*Exercise brief*:
Below are the records; print exactly the lines from the one with "合川區(qū)生態(tài)" through the last, both included, and leave the pictures out.

*Supplied records*:
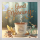 En 3D-bildande illustration av en mysigt scen och en snyggt där det varma kaffet kopp går i centrum. Vintagens cykel, ett bok med fladderande sidor, och den sanna naturinspirerade texten "Bra morgon" är konstgjort placerad runt kaffet kopp. Ambitionen är fylld med mjukt, gyllene solljus, och naturligt inslag som löv och grenar är sömlöst integrerade. Den övergripande sammansättningen är en blandning av mode och illustration, med en vintage charm., illustration, 3d-rendering, mode, typografi
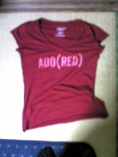 ・帰宅後、「(れっど)」Tシャツを着てみた。
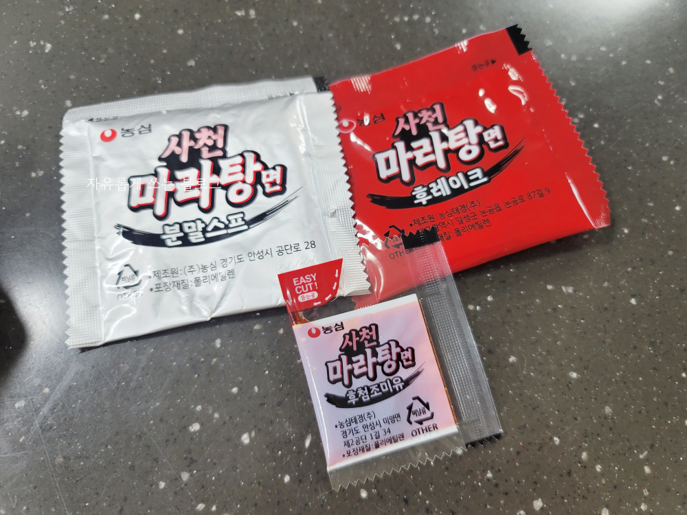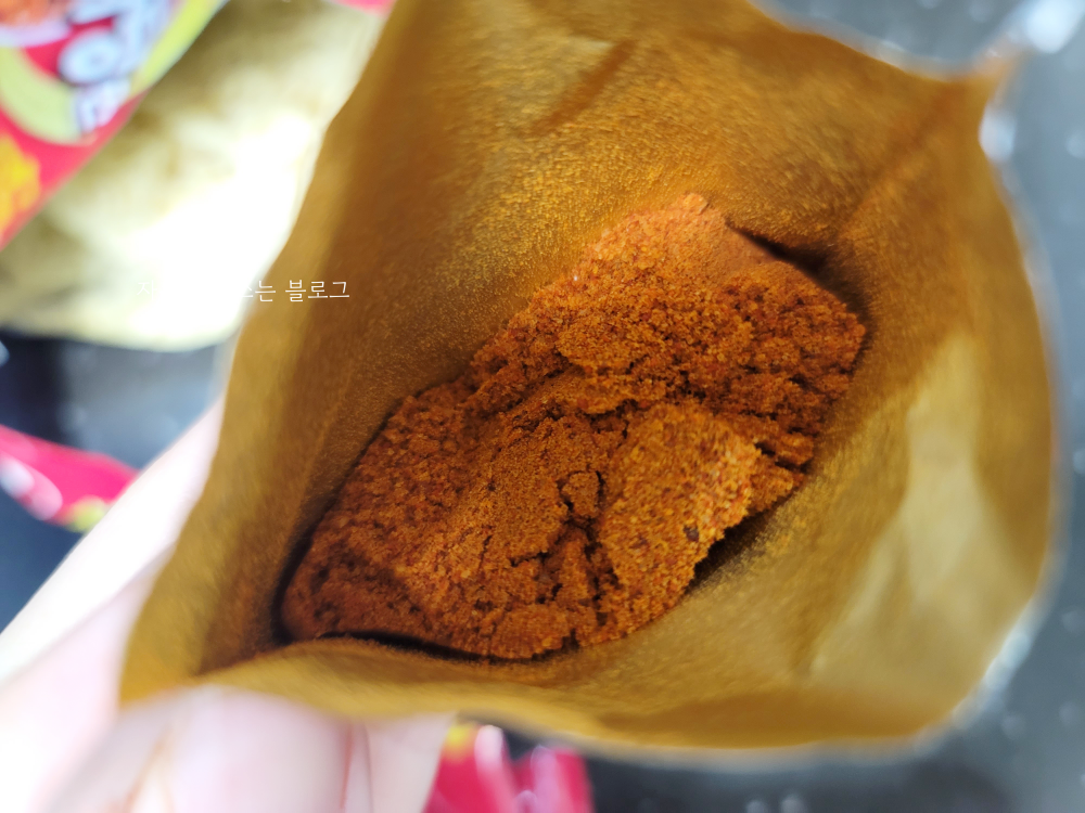 분말 스프는 이런 비주얼입니다. 그냥 보기에는 일반 빨간 국물 라면과 큰 차이가 없어 보이는데, 향을 맡아보면 마라 향이 느껴집니다.
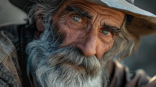 a cinematic mid close up shot of a man in his 60's, prospector from the old west, cowboy hat, large grey beard, hyper realistic, shot on fuji xt3, --ar 16:9 --v 6.0
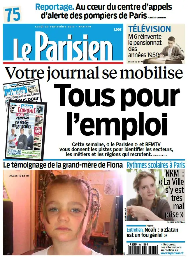 Le Parisien + Journal de Paris du Lundi 30 Septembre 2013
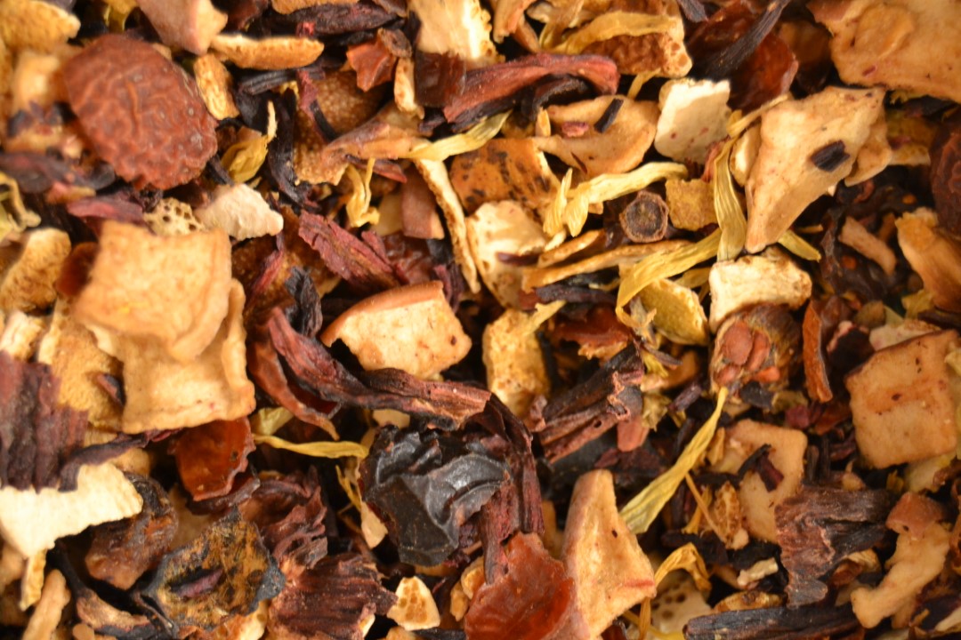 Infuso a base di rosa canina, karkadè, scorza d’agrumi, fiori, spezie, mela e pesca in pezzi, calendula e aromi. Completamente privo di caffeina, con effetti diuretici e digestivi, dissetante in estate e corroboranti in inverno.
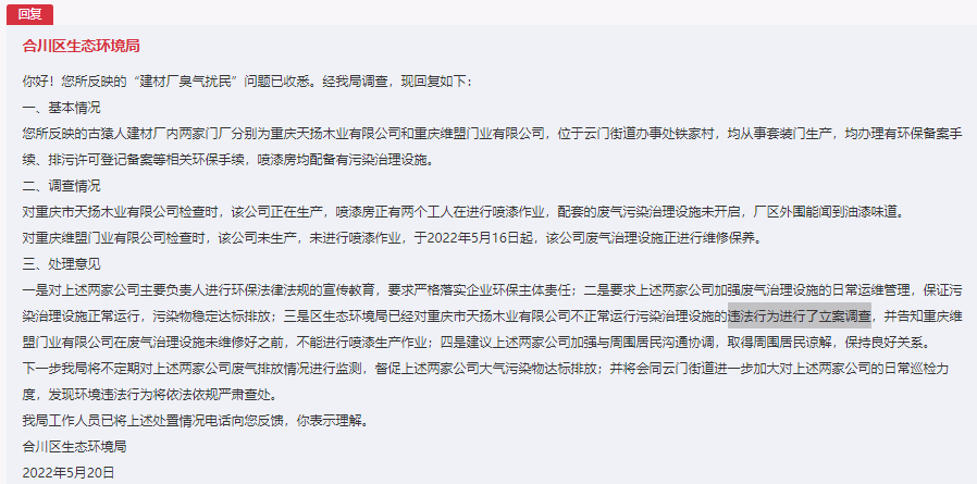 合川區(qū)生態(tài)環(huán)境局在回復(fù)中表示,已對兩家公司主要負責人進行了環(huán)保法律法規(guī)的宣傳教育,要求嚴格落實企業(yè)環(huán)保主體責任;加強廢氣治理設(shè)施的日常運維管理,保證污染治理設(shè)施正常運行,污染物穩(wěn)定達標排放。
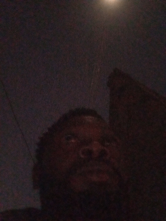 A close-up, low-angle shot captures a person's face against a dark, grainy background. The lighting is dim, obscuring details and casting the face in shadow. A faint light source, possibly the moon, is visible in the upper portion of the frame. The person's expression is neutral. A dark, undefined shape appears behind them. Overall, the image has a somber and mysterious quality due to the limited visibility.

*Task result*:
 合川區(qū)生態(tài)環(huán)境局在回復(fù)中表示,已對兩家公司主要負責人進行了環(huán)保法律法規(guī)的宣傳教育,要求嚴格落實企業(yè)環(huán)保主體責任;加強廢氣治理設(shè)施的日常運維管理,保證污染治理設(shè)施正常運行,污染物穩(wěn)定達標排放。
 A close-up, low-angle shot captures a person's face against a dark, grainy background. The lighting is dim, obscuring details and casting the face in shadow. A faint light source, possibly the moon, is visible in the upper portion of the frame. The person's expression is neutral. A dark, undefined shape appears behind them. Overall, the image has a somber and mysterious quality due to the limited visibility.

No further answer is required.